In 1723, the Kennet Navigation made the River Kennet navigable downstream from Newbury to the River Thames in Reading, but the navigation terminated to the east of the bridge and did not pass under it. In 1726, the wooden bridge was swept away by floods and subsequently replaced with another similar bridge. In 1769 this bridge was demolished and work started on the current triple arched stone and brick bridge. The work was under the direction of the builder, who is variously reported as James Clarke or James Clark, and was completed in 1772.

In 1794, work started on the centre section of the Kennet and Avon Canal, which would extend the Kennet Navigation to Bath, thus providing a through route between London and Bristol. The new canal used the stretch of the River Kennet under the bridge to gain access to Newbury Lock, the first lock on the new section. As the bridge pre-dated the canal, there was no provision for a towpath under the bridge. In the absence of this, a line to haul the barge had to be floated under the bridge and then re-attached to the horse where the tow path resumed. Over time, grooves were worn by hauling lines under the bridge and these can still be seen today.
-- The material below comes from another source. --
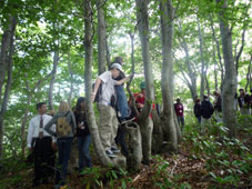6月15日(月) アメリカの中学生、鉢伏山へ | ![]() 早速ブナの木に登って遊ぶアメリカの中学生たち |

By the outbreak of World War II, Newbury Bridge still provided the only through road crossing over the Kennet in the Newbury area, and military planners were concerned about the consequences of it being damaged or destroyed in an air raid. As a result, in 1940, a temporary bridge was built some 250 m downstream, this bridge becoming known as the American Bridge and lasting until it was replaced in 2001. The American Bridge was to be the first of three bypass bridges built. The second was a bridge on the first Newbury by-pass, 100 m further downstream from the American Bridge, opened in 1963. When the first by-pass proved insufficient to cope with the volume of traffic travelling north-south through the Newbury area, a second by-pass was built to the west of Newbury. This included separate bridges over the river and canal some 2.2 km upstream of the Town Bridge, and opened in 1998.